Wednesday 25 February 2015

How LG is giving the children of West Pokot a new chance at life, one fridge at a time



In Kenya’s arid north, decades of neglect by successive governments have created a difficult living environment in which problems come in multiples.So if it is not the scorching conditions that make life unbearable and the land unproductive unless it is irrigated, there is the incessant insecurity in a heavily militarized environment in which some communities and their cross-border neighbors still regard cattle theft as a mandatory rite of passage for their youth. 


An LG Official receives a gift from a West Pokot resident.
Add to this the generally sparse infrastructure, which is characterized by poor roads and low coverage by grid electricity and you have a scenario where, in Shakespearean parlance, life is often “nasty, short and brutish.” And this grim prospect has not spared the most vulnerable and powerless part of the population: the children of West Pokot and their mothers.

It was some of these “wrongs” that LG sought to rectify when it made a donation of five solar-powered refrigerators to World Vision, a non-governmental organization (NGO) active in the area, last November. The fridges were meant for the use of some seven health facilities which were then having difficulties in keeping their stock of food and vaccines fresh and usable. The immediate target was to offer a cold chain to store vaccines to enable more children under the age of five to get immunization. Also targeted in this consumer driven partnership were pregnant and lactating mothers.


The solar-powered refrigerators are a powerful example of demand-driven innovation by LG to provide answers to real problems in society and also active collaboration with communities to provide sustainable answers to such challenges.
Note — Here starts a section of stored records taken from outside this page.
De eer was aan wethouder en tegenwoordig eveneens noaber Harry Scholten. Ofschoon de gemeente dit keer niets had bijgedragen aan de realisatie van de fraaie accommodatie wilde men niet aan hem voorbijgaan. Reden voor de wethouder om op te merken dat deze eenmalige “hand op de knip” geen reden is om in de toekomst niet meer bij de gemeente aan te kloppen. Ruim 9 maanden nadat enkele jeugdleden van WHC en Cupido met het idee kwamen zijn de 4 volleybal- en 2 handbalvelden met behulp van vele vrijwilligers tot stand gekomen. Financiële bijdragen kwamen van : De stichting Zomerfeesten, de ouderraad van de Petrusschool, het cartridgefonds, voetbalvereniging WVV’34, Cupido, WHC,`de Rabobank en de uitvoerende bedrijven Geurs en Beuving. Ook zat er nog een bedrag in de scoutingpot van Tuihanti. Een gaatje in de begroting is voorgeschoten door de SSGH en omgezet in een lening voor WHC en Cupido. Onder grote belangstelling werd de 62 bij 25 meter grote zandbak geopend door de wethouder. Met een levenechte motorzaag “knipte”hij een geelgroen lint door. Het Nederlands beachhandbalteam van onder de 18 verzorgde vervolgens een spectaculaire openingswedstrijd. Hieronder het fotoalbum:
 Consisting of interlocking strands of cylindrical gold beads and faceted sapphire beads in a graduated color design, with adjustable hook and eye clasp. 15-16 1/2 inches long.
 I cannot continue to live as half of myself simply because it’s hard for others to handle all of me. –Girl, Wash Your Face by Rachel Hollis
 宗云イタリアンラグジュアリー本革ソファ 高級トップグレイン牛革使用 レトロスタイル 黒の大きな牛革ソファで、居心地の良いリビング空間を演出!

Besides most parts of West Pokot County being off the national electricity grid, even those that are served, like other parts of Kenya, are prone to long outages and erratic supply.  In such a situation, ordinary refrigerators are likely to be of no use. But West Pokot has at least something going for it; long spells of hot sunshine that can be harnessed through the technology provided by LG, to ensure that the children of West Pokot and their mothers have a more realistic stab at life than was hitherto possible.
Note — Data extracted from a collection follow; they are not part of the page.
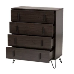 Baldor Wood Metal 4 Drawer Bedroom Chest Dark Brown – Baxton Studio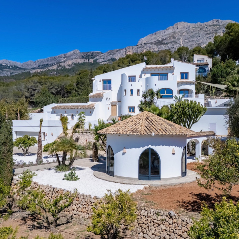 Boven in Altea, rustig gelegen tussen witgekalkte huizen en de groene hellingen van de Sierra de Bernia, ligt deze uitnodigende villa met prachtig uitzicht op de Middellandse Zee en de skyline van Benidorm. Omgeven door volwassen tuinen en citrusbomen biedt de woning privacy, rust en frisse lucht – perfect om van het leven aan de Costa Blanca te genieten.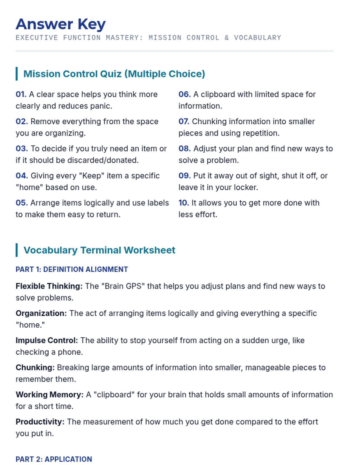 A comprehensive toolkit designed to help students master task initiation and working memory through structured routines and cognitive exercises. These resources provide practical strategies for overcoming procrastination and improving information retention.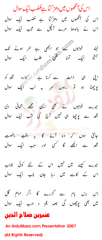 Us Ki Ankhoun Mey Dhaurkta Hey Guzab Aik Swal
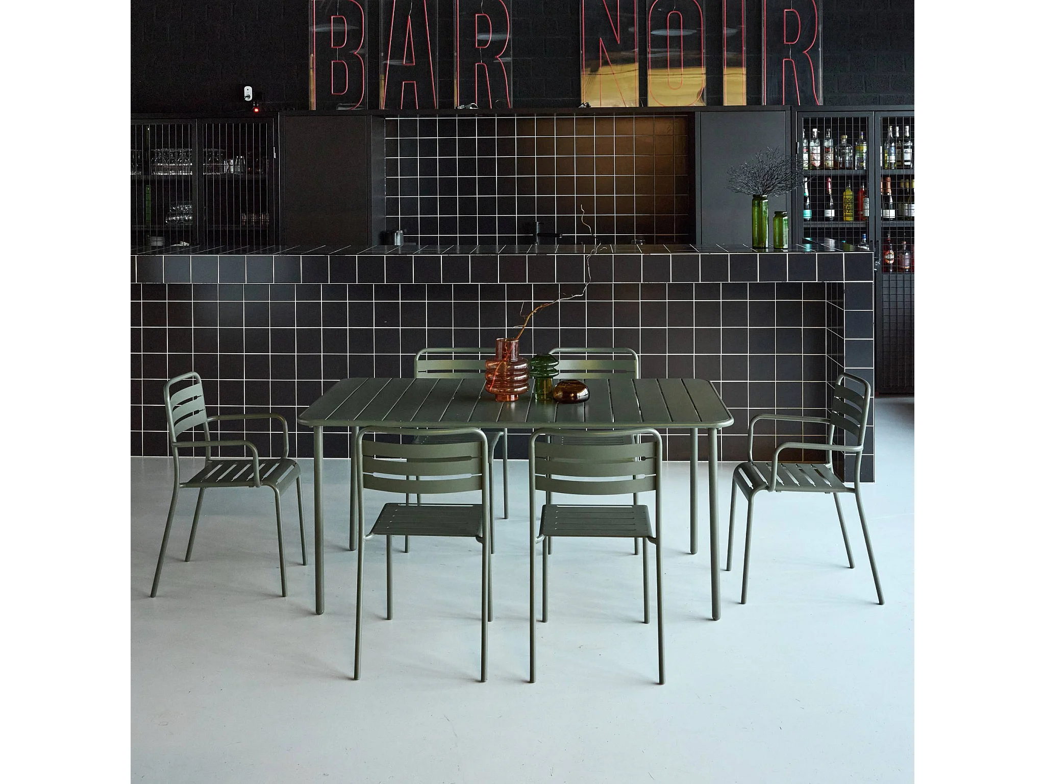 Table de jardin métal + 6 assises kaki. acier traitement anti rouille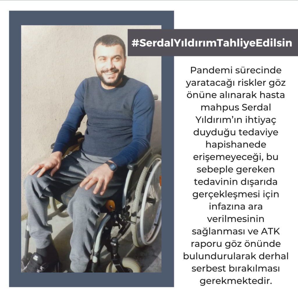 Serdal Yıldırım, 17.04.2009 tarihinde geçirdiği trafik kazası sebebiyle belden aşağısı felç kalan; vücudunun birçok yerine 30’u aşkın platin takılan ve tekerlekli sandalyeye bağlı yaşamaya başlayan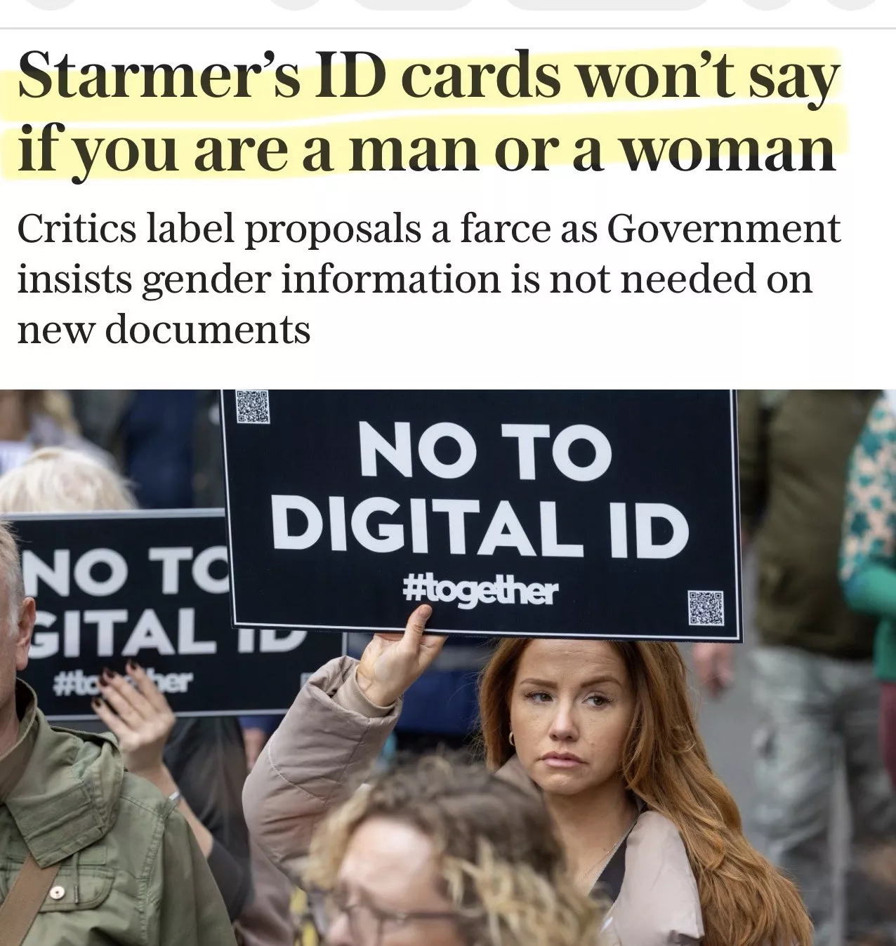 Predlagani sistem digitalne identifikacije v Veliki Britaniji je bil deležen kritike, ker ne beleži, ali je oseba moškega ali ženskega spola – kar je tradicionalno ključni identifikator poleg imena in starosti –, potem ko je vlada menila, da to za identifikacijo »ni potrebno«.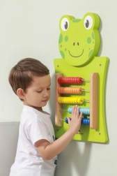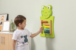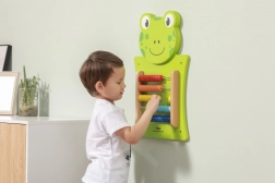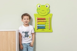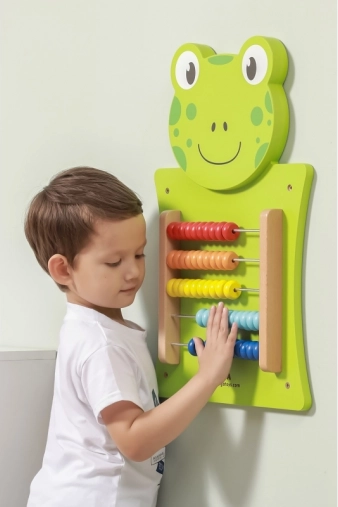 Denne frø-abacus kombinerer legende æstetik med praktisk læring. Fem vandrette stænger med farvede perler opmuntrer børn til at skubbe og tælle, hvorved de træner finmotorik, øje–hånd-koordination og logisk tænkning. Det vægmonterede design sparer plads og er altid lige ved hånden.

Available statistics from the Government provide a picture of real need. Out of every 100 children born in the vast and arid county, only 56 get immunized, a level that is way below the thresholds set by the World Health Organization (WHO). In tandem, infant and under-five mortality remain relatively high.When LG unveiled its Power Cut Evercool refrigerator, which gives users seven hours of cooling in the fridge compartment and 10 hours of the same in the freezer without power, it was easy to imagine that the firm had reached the apex of its innovation. But not so LG. The solar-powered fridge is a major improvement on the Power Cut Evercool variant and evidence, if ever any was needed, that innovation is a constant, indeed a way of life at LG.In a country where immunization campaigns, especially against contagious diseases like Tetanus and Polio, have almost become constant due to regular outbreaks, the solar-powered fridge is just what the doctor ordered for counties like West Pokot. And with it, the children of this county have received a new, more realistic chance at life and for the community, it’s very future.